E=mc^2

In the relativity formula, E=mc^2, what is the significance of c^2? Energy and matter can be converted to each other, but what has the speed of light got to do with it? And why is it squared? I know c^2 would be a huge number, and "a tiny amount of" m = "a heckuva lot of" E, but I don't understand the importance of the speed of light to the formula other than being a really big number to sort of balance the equation. And the speed of light is not quite a constant, it travels faster in a vacuum or air than thru say a solid or a crystal (ie: diffraction and prisms). So does that mean that matter converted to energy in the vacuum of space creates more energy than matter converted in a pressurized nuclear containment vessel in a nuclear reactor here on earth? How about in the very dense center of a star? Seems like those hydrogen atoms wouldn't create so much energy under those conditions. -- Or is c^2 in the equation because Energy = Light in this case and the matter is converted to lots of energetic photons, X-rays, etc. [the matter is converted to Energy in the form of Light]? Is it squared because it scatters in all directions from the point of conversion? Why not c^3?
- Wizard (age 50)
Orange Park, FL, USA

The "c" here is the fundamental constant, the speed of light in a vacuum. The various speeds of combinations of light and wiggles of electrons in materials are not relevant.

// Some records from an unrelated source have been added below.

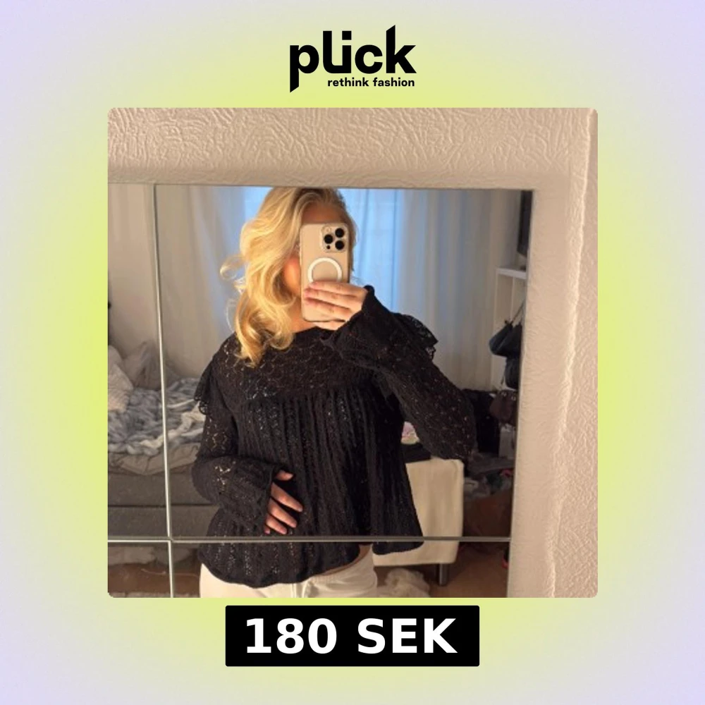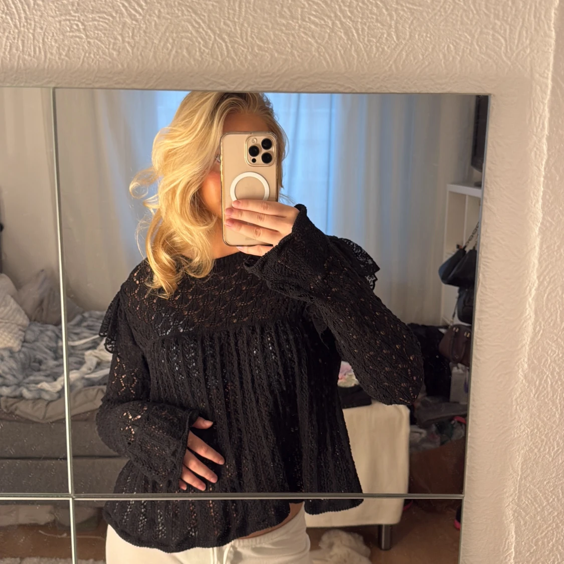 Säljer en svart blus med vackra spetsdetaljer och volang vid axlarna. Blusen har långärmade, lätt utsvängda ärmar och ett luftigt, romantiskt fall. Perfekt för dig som gillar en feminin och trendig look. Storlek XL men passar mig som brukar ha S/M
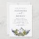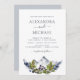 Montanha rustica ao ar livre Berries e Greenery Watercolor Spring Wedding Dusty Blue e Green Elegant and Modern Invices on White - inclui uma bela e elegante tipografia com folhas botânicas modernas e verde para a celebração especial do dia do casamento.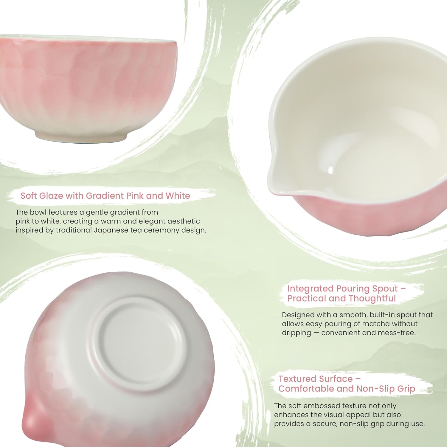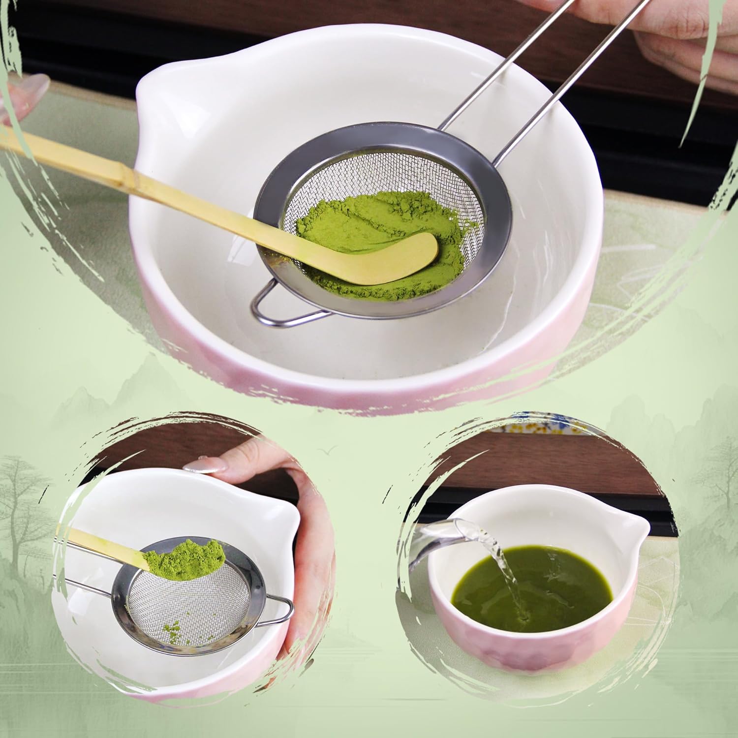 7-Pcs Matcha Whisk Set - Ceramic Matcha Set Includes Bowl,Whisk,Holder,Bamboo Scoop,Scoop Rest,Sifter & Tea Towel – Japanese Traditional Tea Kit for Beginners & Tea Lovers (Gradient Pink)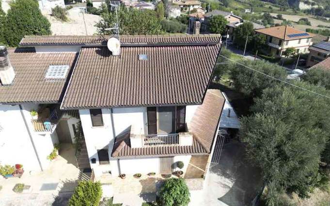 All’esterno l’abitazione è servita da una piccola corte di pertinenza, parzialmente pavimentata e recintata, sulla quale è presente una struttura leggera ad uso rimessa o ripostiglio con forno, realizzata senza titolo edilizio.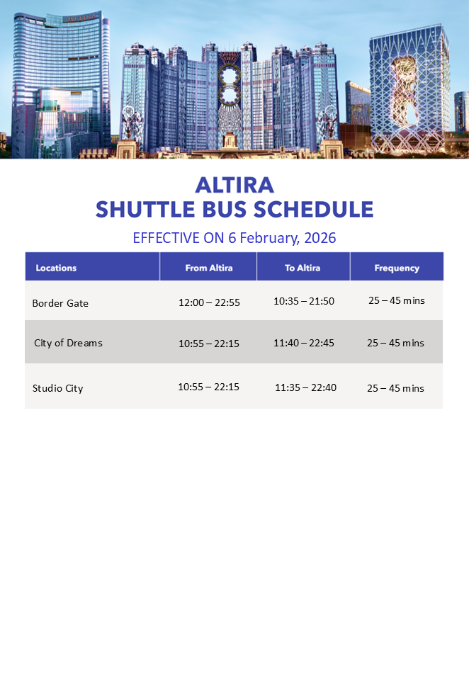 Please contact hotel staff for rates and reservations or call (853) 2886 8888 or email us at enquiries@altiramacau.com
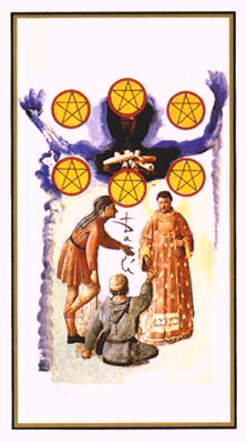 The 6 of Pentacles signals that help has arrived or will arrive soon. The number 6 represents security and reward. In the Earth element attached to Pentacles, this means material rewards are likely coming your way.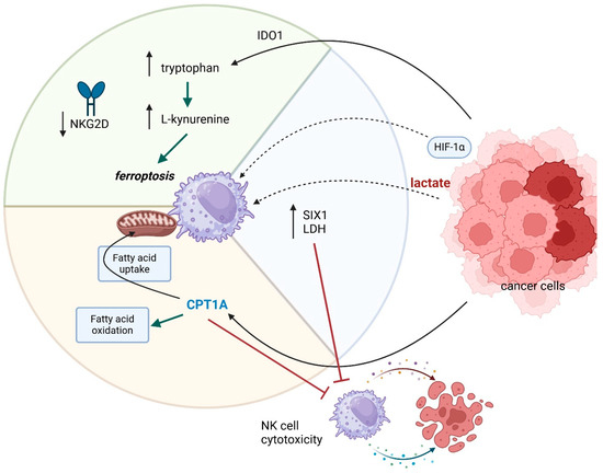 Metabolic alterations in NK cells mediated by gastrointestinal cancers. Tumor cells induce NK cell functional impairment via the production of HIF-1α, lactate, IDO, and CPT1A induction. Elevated tryptophan metabolism, AhR-independent, causes downregulation of crucial activating NK cell receptor NKG2D and ferroptosis, while CPT1A upregulates fatty acid uptake and metabolism. Arrows which are next to the protein names or processes mean up- or downregulation.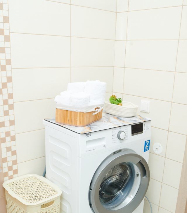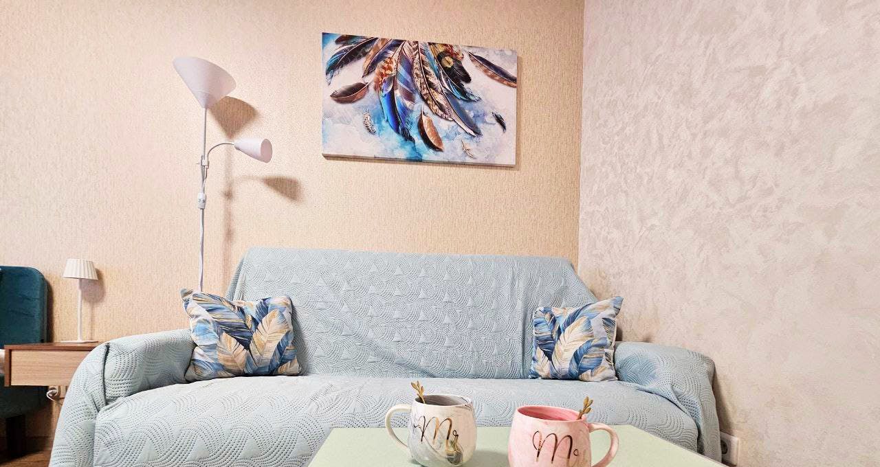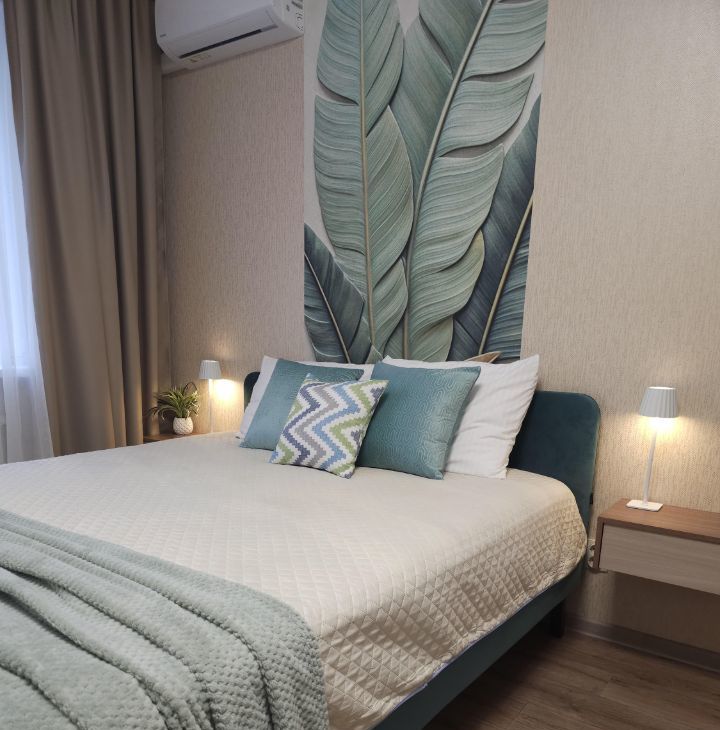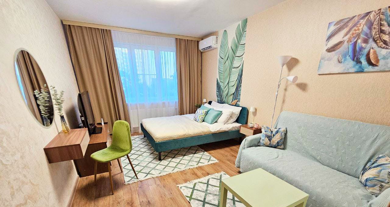 Полный комфорт: Кровать с ортопедическим матрасом, удобный диван, кондиционер, телевизор, кофеварка, микроволновая печь, стиральная машина, утюг, фен есть все для комфортного проживания.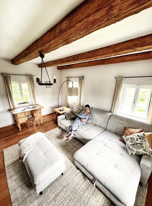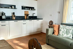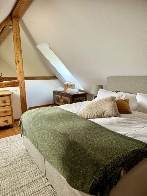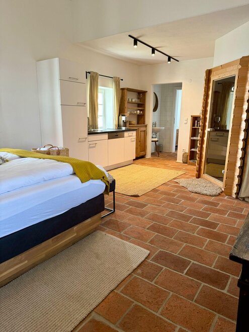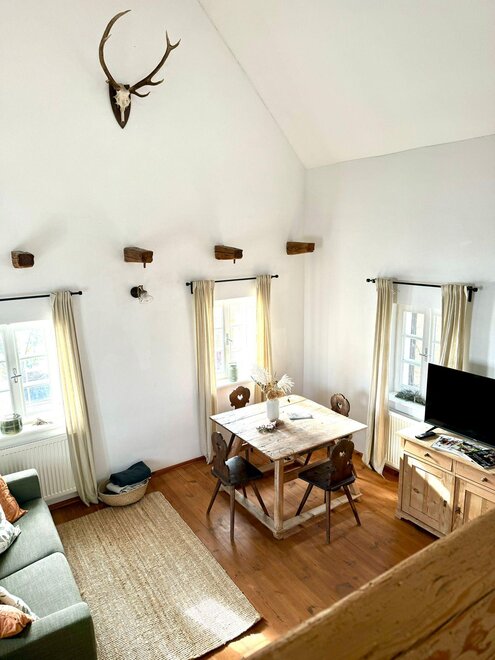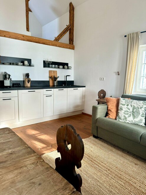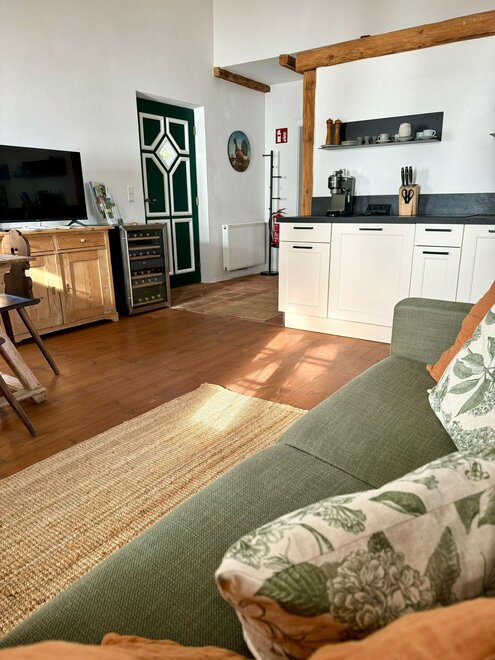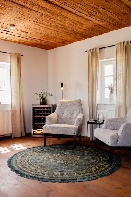 separate living room, kettle, separate bedroom/s: 2, rustic furniture, bathrobe, balcony, hairdryer, living room, washing machine, electric stove, toaster, kitchen, pay TV, bed linen available, anteroom, meadow, TV, private entry, fire extinguisher, socket close to bed, garden furniture, garden, bedding, non-smoking room/apt., separate kitchen, open foot-end of bed, whirlpool, maximum no. of pets: 2, towels available, CO detector, separate bedroom/living room, kitchen utensils, toilet laundry, use of washmachine, dishwasher, dish sink, oven, coffeemaker, quiet room/apartment, dishes available, heater, desk, terrace, wooden or parquet floor, closet, freezer compartment, tile stove, WiFi, refrigerator, smoke detector, pets permitted on request, dining room, toiletries, furniture suite, sauna, cable TV, family room/apt.

There is no "conversion of energy to matter" in the sense of energy being lost and replaced with something else. Energy is conserved. Some forms of it can be found in things at rest, and these go by the name of rest "mass". So energy can convert from one form to another, and some of these forms include more or less "matter". 

In fundamental physics, we don't really think of inertial mass and energy as different things. They're exactly the same thing, measured in different traditional units. The traditional units for measuring energy are mass units times the square of velocity units.

Why is that? If you look at the energy of some mass m₀ in motion as it moves it's:

m₀/(1-v²/c²)^1/2 = m₀c²+m₀v²/2 + (3/16)m₀v⁴/c²....

The first term, the rest-mass energy, doesn't change when something moves. It's big, but because it doesn't typically change, people didn't keep track of it as "energy" but thought of it as something separate and kept track just of the mass, m₀. The second term changes when something moves, so it was noticed and called "kinetic energy". Notice that its units are mass*speed². What about the next term, and all the others I didn't write down? They're small, so long as v<< c, and weren't noticed. Fast moving things with non-zero m₀ weren't studied until the last 100 years or so. 

So traditionally two separate things were kept track of: m₀  and m₀v²/2. They picked up the names "mass" and "energy" and each got assigned its own units, for example kilograms and Joules. Once it was realized that they were really just parts of the same quantity, the conversion factor for the units was needed. It's c², as in m₀c².

Mike W.

(published on 08/31/2013)